Sterli30.loo
I made this image in Sterlingware with only a slight hue shift in XnView, my trusty side-kick. Although Sterlingware is now over 10 years old, which is pretty old by software standards, and lacks many of the new features that extend the rendering powers of fractal programs (i.e. user formulas and other junk) I consider it to be the current Heavyweight Champion of Fractal Art without any real competition.
Am I nuts?
No, no. Not at all. It’s because of Sterlingware’s color capabilities and the ease with which it allows you to experiment with it. A color coup d’ etat.
That’s right. This is about art, first and foremost, and only secondly about fractals. Art is the more important factor in the label, Fractal Art. (Write that down.)
While new formulas and all that other confusing stuff may sound exciting to the mathophiles in the fractal art world, and has probably lead to the current stagnation of fractal art, it’s what you do with the structures created by formulas that leads to the creation of Fractal Art and not just fractals.
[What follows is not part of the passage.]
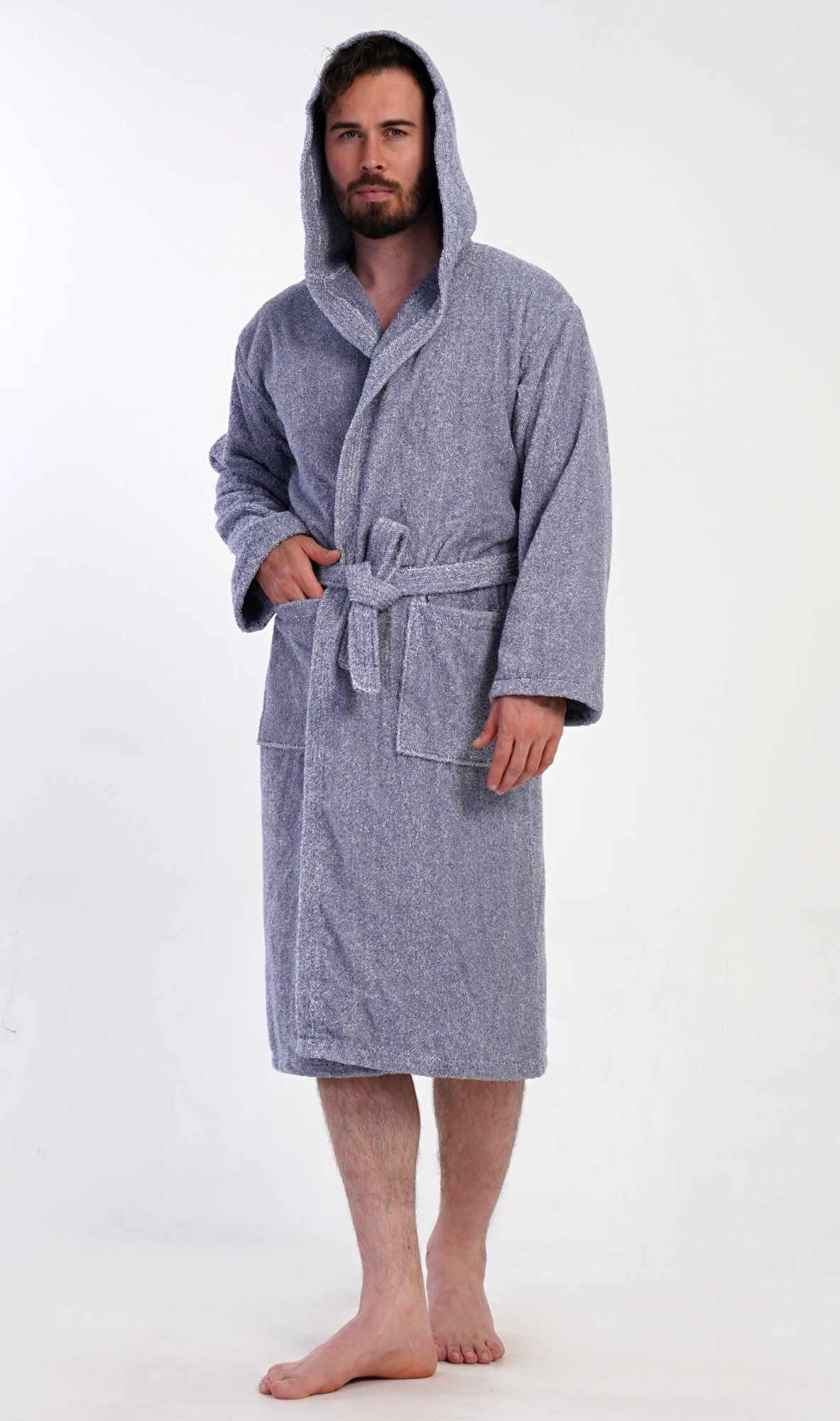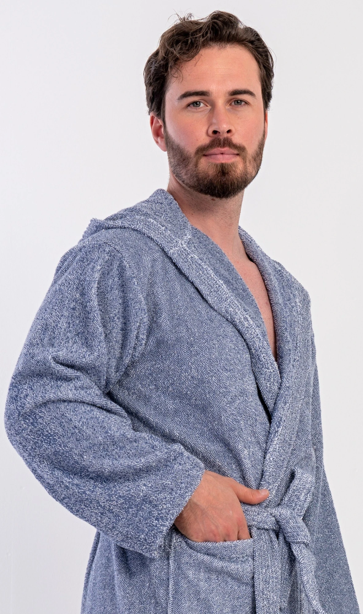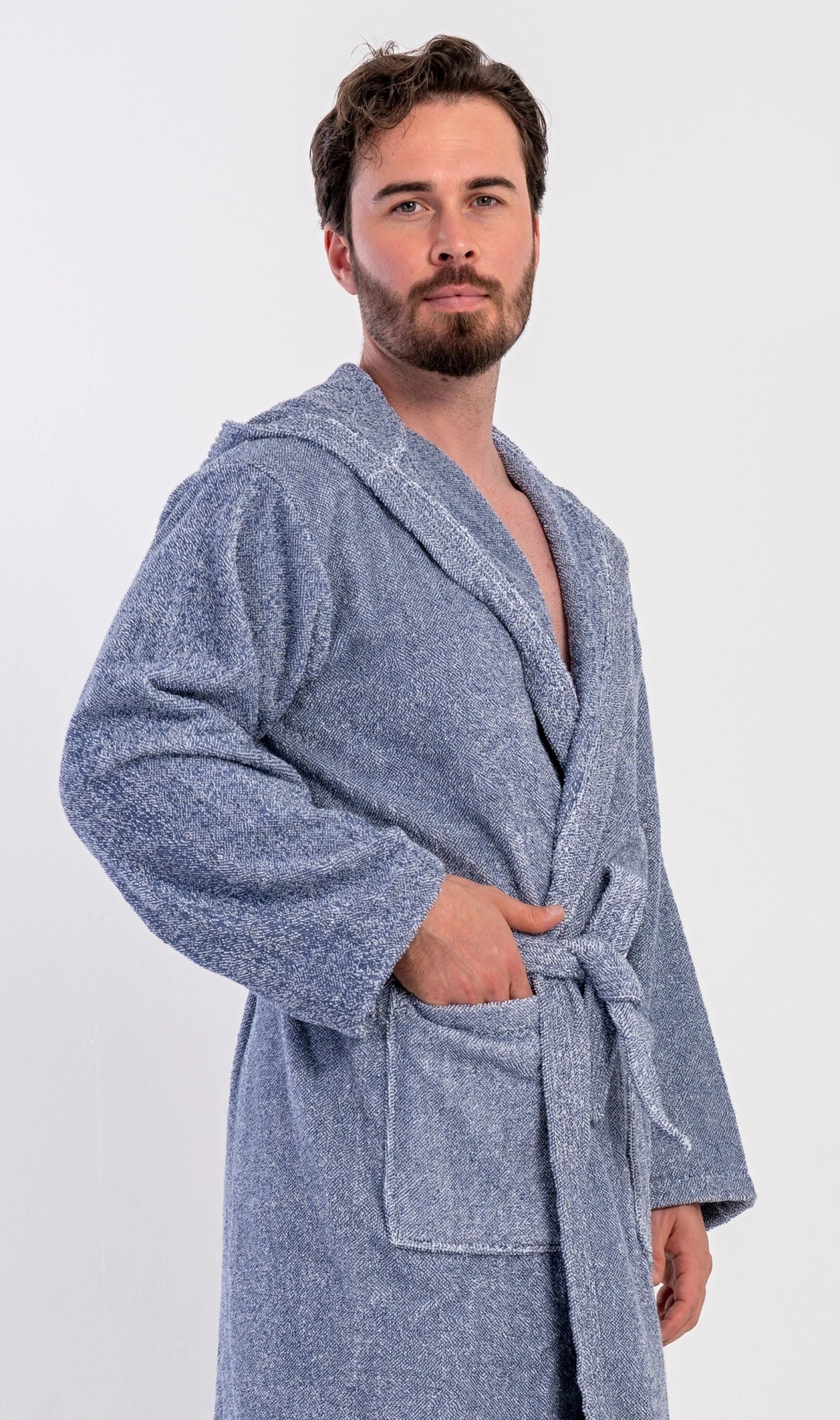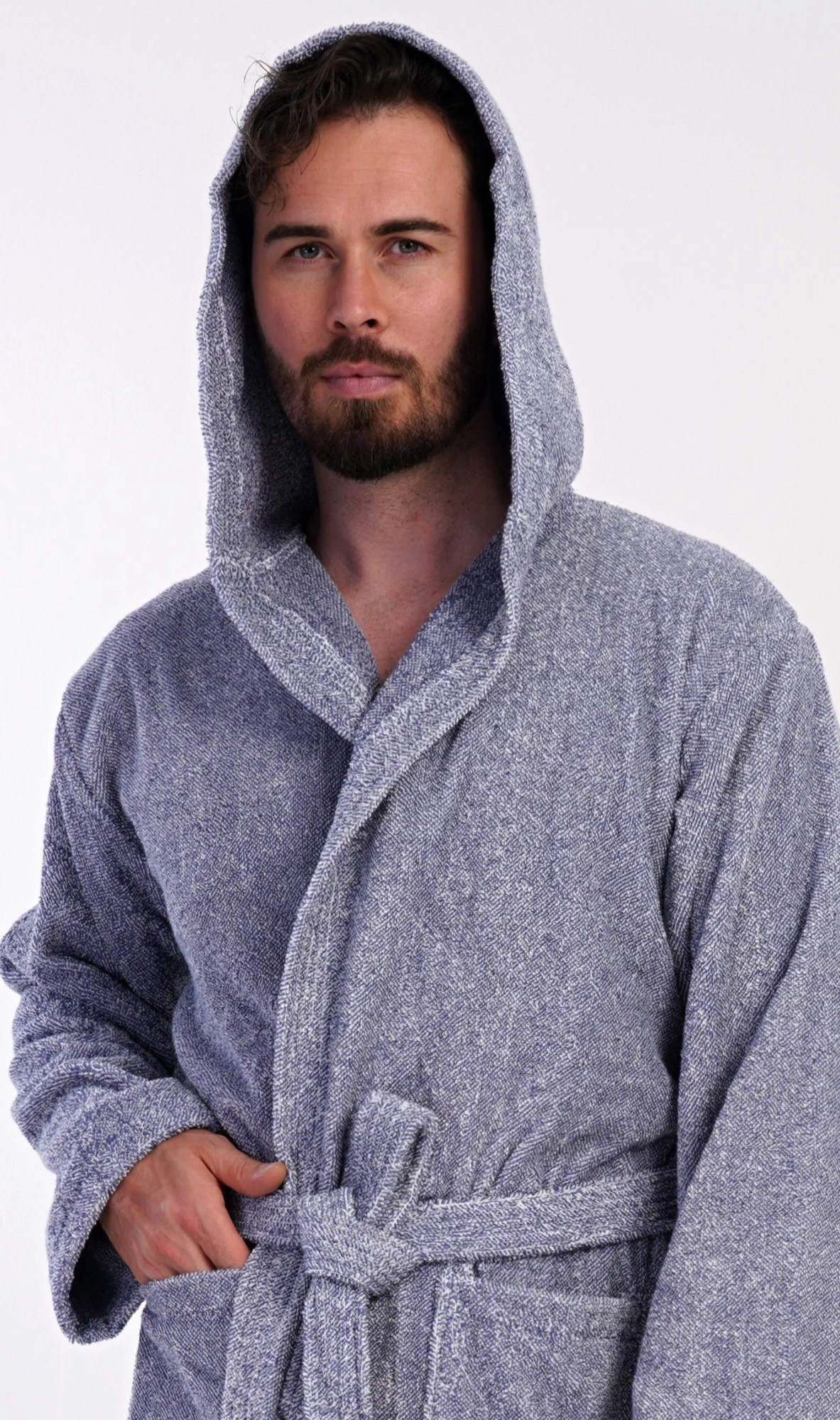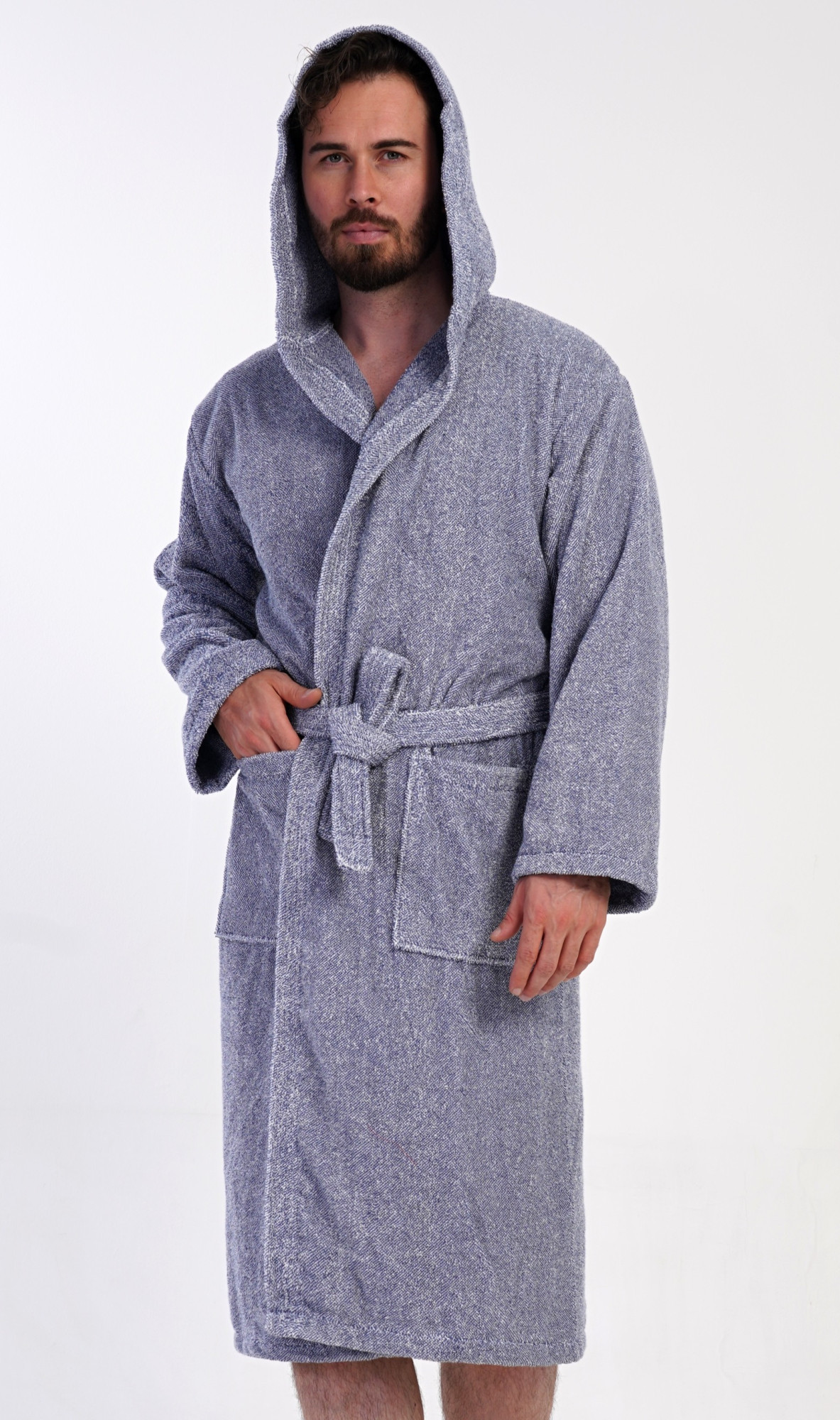 Pánský bavlněný froté župan s kapucí Luis. Pánský dlouhý župan s kapucí a páskem ke stažení je vhodný po koupeli i na povalování se doma na gauči. Froté župan má praktické kapsy, které oceníte při návštěvě wellness. Použitý bavlněný materiál je příjemný a poddajný na dotek.

I think the first converts to post-processing were those who saw something interesting in the basic fractal images they were making and knew how to make that short, but quantum leap to completion in a graphics program.
I’m sure the earliest post-processing successes involved simply color enhancement and not the thermo-nuclear layering that we see proliferating today. Color is a big deal in art because it’s a big deal to the human eye, that is, to visual perception. Color turns straw into gold.
Which brings us back to Sterlingware. Sterlingware still has me engrossed in fractal art despite the fact that it lacks power windows; GPS; and a talking dashboard like Ultra Fractal 5 has. Sterlingware is the Fist of Color! A lean, mean, Fractal Art machine.
Ha! Ha! Ha! …I win again!
Sorry about that. But when I say excited, I really mean it.
If you don’t like it, then go parse yourself.